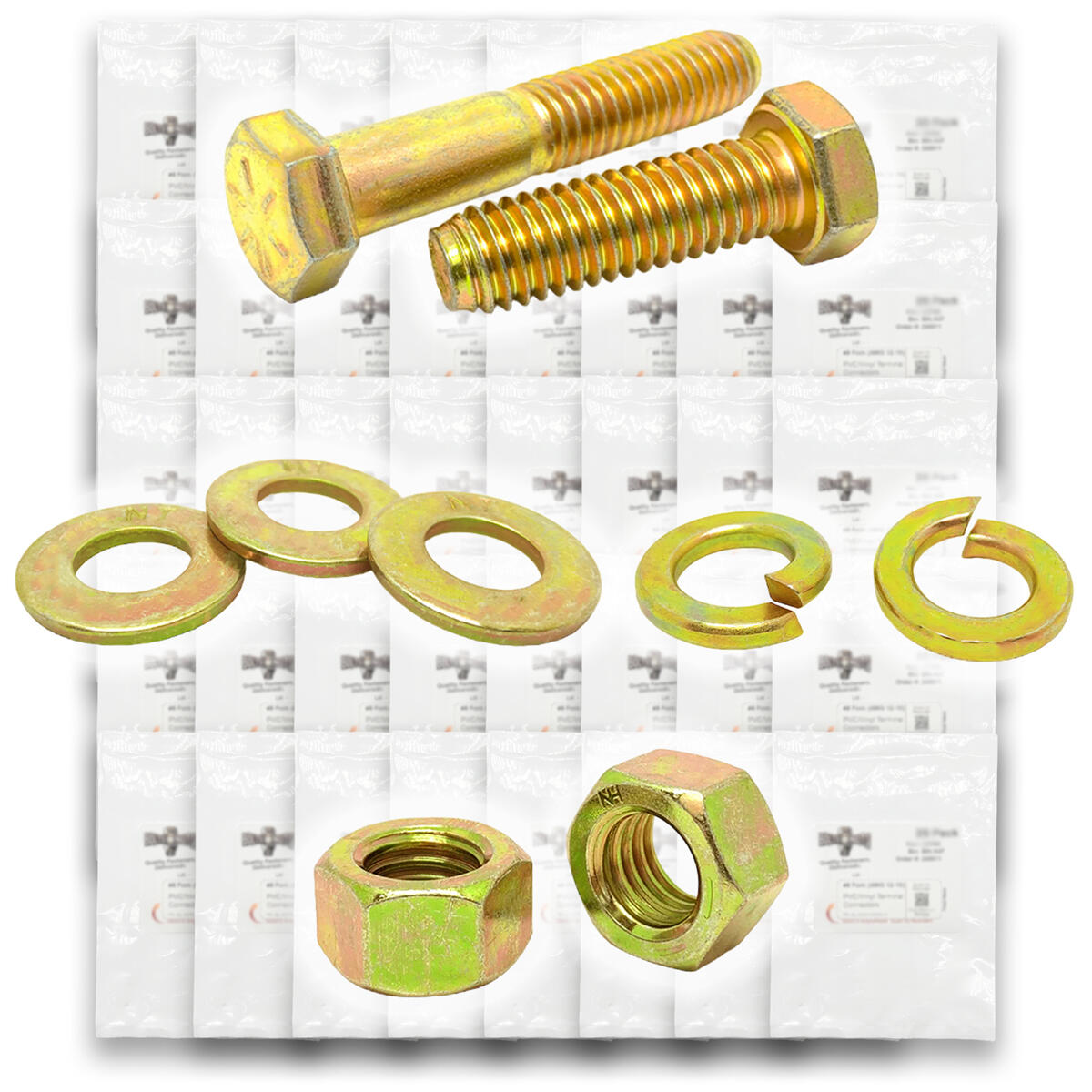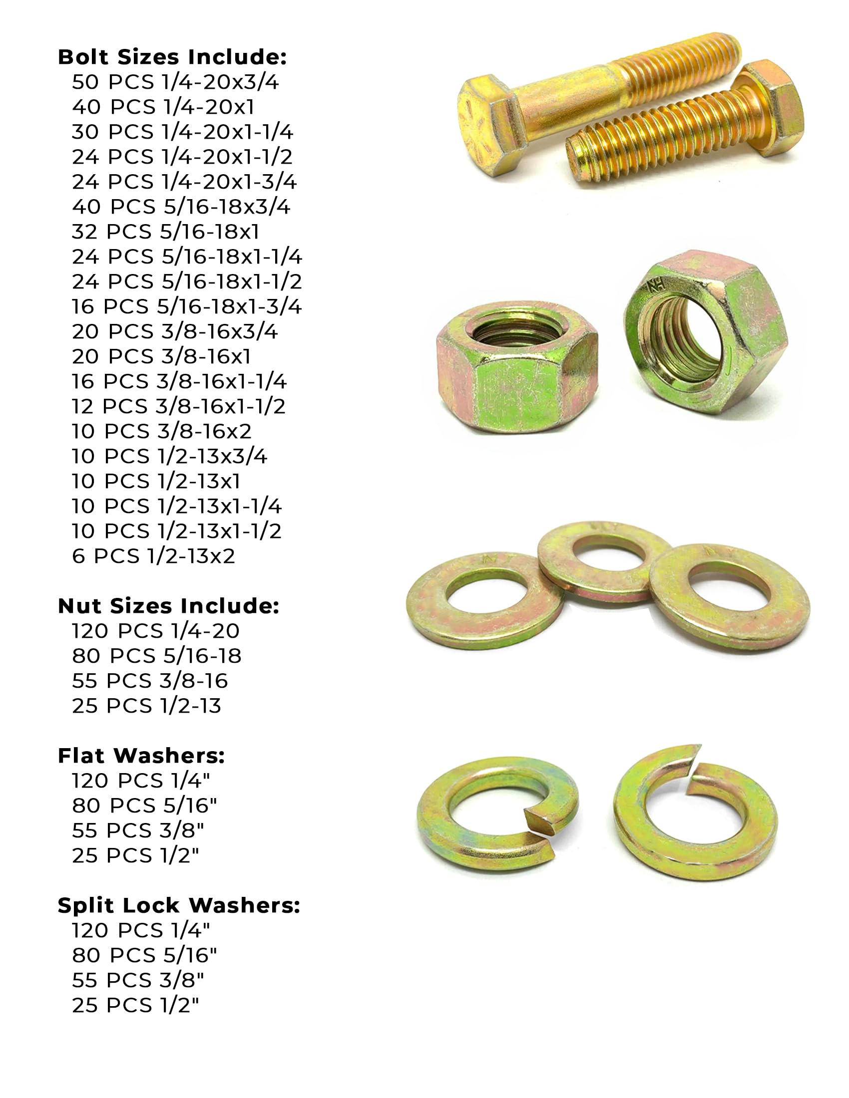 Inch Grade 8 Hex Cap Screws, Hex Nuts, Flat & Lock Washers Coarse Thread Zinc Yellow 1/4", 5/16" 3/8", & 1/2" - 1268 PCS
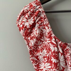 MADEWELL MARGIE BUTTON UP MINI DRESS IN ABSTRACT FLORA BRICK RED SIZE 2
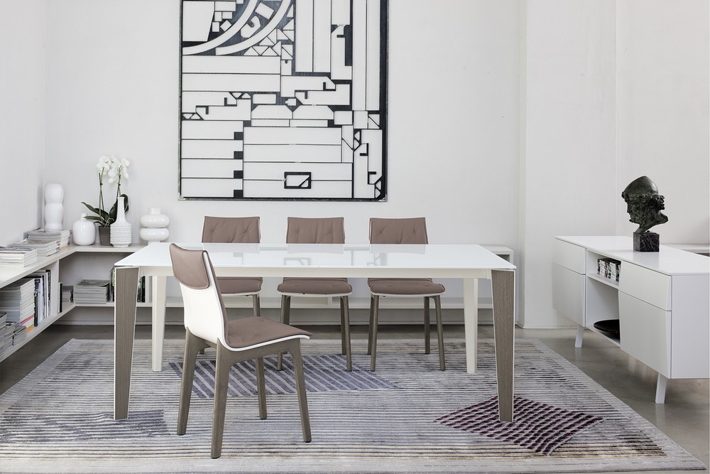 Senso est une table extensible à structure en acier laqué, disponible en plusieurs finitions. Son originalité réside dans les inserts décoratifs de ses pieds, offrant une grande flexibilité de personnalisation : vous pouvez ainsi les assortir au plateau ou aux pieds de vos chaises. Une table au design raffiné qui apporte une touche d'élégance et d'originalité à tout espace.

* **YOUR OBJECTIVE**: When you repeat the listing, keep it exact and leave the pictures behind.

* **OUTPUT FOR THIS TASK**:
 Inch Grade 8 Hex Cap Screws, Hex Nuts, Flat & Lock Washers Coarse Thread Zinc Yellow 1/4", 5/16" 3/8", & 1/2" - 1268 PCS
 MADEWELL MARGIE BUTTON UP MINI DRESS IN ABSTRACT FLORA BRICK RED SIZE 2
 Senso est une table extensible à structure en acier laqué, disponible en plusieurs finitions. Son originalité réside dans les inserts décoratifs de ses pieds, offrant une grande flexibilité de personnalisation : vous pouvez ainsi les assortir au plateau ou aux pieds de vos chaises. Une table au design raffiné qui apporte une touche d'élégance et d'originalité à tout espace.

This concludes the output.